Peter Thiel, the eminent billionaire investor and co-founder of PayPal and Palantir, has a long history of bold, unconventional bets. A U.S. Securities and Exchange Commission (SEC) filing shows Thiel-linked Founders Fund entities exited ETHZilla after disclosing a 7.5% stake in 2025. ETHZilla is an ether-focused digital asset vault company.

The sale highlights broader market pressure on ETH treasury models, as ETHZilla shares have fallen sharply from summer 2025 highs amid falling Ether (ETH) prices. This comes at a time when investor enthusiasm for leveraged or equity-based cryptocurrency exposure appears to be waning.

This article examines why Thiel’s Founders Fund left ETHZilla and examines the risks associated with Ether’s leveraged treasury models, debt-based balance sheets, and forced asset sales. He examines what this move signals about volatility, capital discipline, and the sustainability of public cryptocurrency strategies.

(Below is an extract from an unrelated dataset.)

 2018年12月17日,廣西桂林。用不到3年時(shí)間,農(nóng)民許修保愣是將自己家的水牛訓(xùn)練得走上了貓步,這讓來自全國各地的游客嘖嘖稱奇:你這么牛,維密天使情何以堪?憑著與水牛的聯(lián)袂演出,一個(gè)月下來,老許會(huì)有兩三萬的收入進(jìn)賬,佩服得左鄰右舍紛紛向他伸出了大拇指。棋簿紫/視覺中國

ETHZilla: From biotechnology to the ether vault

In July 2025, biotech company 180 Life Sciences made a bold move, raising $425 million to launch an ether-focused treasury strategy and rebrand itself as ETHZilla. It has established itself as an exchange-traded vehicle for Ether exposure, with plans to expand its Ether holdings and deploy them in decentralized finance (DeFi) protocols and tokenized asset initiatives.

Just two months later, ETHZilla sought to secure an additional $350 million in convertible notes to expand its reserves and support further projects. Reports indicated that at one stage the company had over 100,000 ETH on its balance sheet.

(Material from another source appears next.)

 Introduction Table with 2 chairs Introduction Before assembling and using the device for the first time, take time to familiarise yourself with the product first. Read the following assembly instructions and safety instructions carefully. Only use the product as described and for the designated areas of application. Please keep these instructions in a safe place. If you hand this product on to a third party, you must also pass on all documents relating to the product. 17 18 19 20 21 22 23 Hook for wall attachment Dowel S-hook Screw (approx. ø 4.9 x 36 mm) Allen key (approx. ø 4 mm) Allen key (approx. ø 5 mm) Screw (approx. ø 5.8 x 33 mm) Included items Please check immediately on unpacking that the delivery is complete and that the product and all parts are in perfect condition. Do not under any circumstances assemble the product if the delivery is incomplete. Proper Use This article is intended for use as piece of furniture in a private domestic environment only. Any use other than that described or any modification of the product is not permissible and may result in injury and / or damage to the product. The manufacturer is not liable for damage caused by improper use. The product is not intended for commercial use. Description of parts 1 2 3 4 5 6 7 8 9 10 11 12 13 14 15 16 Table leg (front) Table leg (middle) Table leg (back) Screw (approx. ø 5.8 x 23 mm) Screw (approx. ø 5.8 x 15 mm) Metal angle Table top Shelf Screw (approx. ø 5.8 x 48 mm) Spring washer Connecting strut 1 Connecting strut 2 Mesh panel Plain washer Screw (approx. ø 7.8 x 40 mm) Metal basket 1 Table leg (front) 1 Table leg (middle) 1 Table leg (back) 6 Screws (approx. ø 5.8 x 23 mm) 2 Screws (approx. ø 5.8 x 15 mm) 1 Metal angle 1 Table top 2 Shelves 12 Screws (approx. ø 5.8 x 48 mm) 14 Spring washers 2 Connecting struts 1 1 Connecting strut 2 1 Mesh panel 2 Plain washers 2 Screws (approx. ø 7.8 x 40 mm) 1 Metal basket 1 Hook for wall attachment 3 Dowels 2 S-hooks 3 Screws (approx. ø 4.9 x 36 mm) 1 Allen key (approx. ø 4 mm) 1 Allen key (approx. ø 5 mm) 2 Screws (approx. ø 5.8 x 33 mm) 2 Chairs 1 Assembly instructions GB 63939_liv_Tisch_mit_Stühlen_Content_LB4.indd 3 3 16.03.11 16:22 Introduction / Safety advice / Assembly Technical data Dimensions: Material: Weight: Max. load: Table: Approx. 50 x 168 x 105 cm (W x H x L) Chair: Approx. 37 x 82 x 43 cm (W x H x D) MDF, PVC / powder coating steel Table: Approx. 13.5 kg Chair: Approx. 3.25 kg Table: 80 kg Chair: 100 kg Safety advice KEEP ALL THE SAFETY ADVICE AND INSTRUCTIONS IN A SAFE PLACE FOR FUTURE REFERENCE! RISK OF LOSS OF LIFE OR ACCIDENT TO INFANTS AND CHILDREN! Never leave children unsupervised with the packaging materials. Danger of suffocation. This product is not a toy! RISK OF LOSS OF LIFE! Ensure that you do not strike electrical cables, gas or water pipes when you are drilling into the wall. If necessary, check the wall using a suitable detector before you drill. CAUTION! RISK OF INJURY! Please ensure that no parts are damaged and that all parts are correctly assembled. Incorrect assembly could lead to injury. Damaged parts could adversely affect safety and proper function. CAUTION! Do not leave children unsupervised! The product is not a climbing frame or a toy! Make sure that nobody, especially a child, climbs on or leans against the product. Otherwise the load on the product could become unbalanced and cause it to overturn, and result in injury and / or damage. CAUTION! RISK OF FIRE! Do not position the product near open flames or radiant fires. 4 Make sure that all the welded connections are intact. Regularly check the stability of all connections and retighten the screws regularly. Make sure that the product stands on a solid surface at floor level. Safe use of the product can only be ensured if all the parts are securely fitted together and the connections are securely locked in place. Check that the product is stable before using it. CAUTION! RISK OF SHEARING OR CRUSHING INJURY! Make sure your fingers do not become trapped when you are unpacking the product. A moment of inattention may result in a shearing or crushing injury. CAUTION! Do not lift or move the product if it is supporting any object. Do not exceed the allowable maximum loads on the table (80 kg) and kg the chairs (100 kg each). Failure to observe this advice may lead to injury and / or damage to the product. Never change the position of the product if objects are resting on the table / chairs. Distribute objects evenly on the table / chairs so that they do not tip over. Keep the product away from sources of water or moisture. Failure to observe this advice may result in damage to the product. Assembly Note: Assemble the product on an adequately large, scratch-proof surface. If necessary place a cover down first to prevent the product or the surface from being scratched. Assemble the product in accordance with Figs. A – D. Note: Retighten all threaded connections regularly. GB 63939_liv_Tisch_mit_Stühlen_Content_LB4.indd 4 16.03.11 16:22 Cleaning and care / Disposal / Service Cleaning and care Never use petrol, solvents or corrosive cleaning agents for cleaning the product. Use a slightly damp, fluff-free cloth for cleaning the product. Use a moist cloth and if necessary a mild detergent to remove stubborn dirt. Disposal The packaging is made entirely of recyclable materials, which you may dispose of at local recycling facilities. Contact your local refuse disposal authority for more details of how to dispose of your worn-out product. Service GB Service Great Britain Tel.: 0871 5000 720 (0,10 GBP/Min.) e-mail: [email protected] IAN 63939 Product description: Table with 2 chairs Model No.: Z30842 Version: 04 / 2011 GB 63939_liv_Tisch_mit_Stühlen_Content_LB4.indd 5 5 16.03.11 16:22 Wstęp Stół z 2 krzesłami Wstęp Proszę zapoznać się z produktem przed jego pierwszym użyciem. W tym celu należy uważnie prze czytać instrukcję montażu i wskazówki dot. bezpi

The idea behind this venture was elementary: secure financing, buy and hold Ether, generate potential profits through staking or DeFi activities, and offer public shareholders leveraged exposure to Ether growth.

However, this strategy has faced significant challenges as market conditions deteriorated.

Did you know? In September 2022, Ethereum transitioned from proof of work (PoW) Down proof of stake (PoS) in an event known as “Connection”, reducing energy consumption by over 99%. This is one of the most ambitious improvements ever undertaken on a live blockchain.

Key sale of ETHZilla and departure of Peter Thiel

As cryptocurrency markets retreated from earlier highs, ETHZilla began to reduce its position in Etherer.

In December 2025, ETHZilla was sold 24291 ETHgenerating approximately $74.5 million at an average price of approximately $3,068 per coin. The declared purpose of the sale was to repay the debt. Ether holdings reportedly dropped to around 69,800 ETH after the transaction.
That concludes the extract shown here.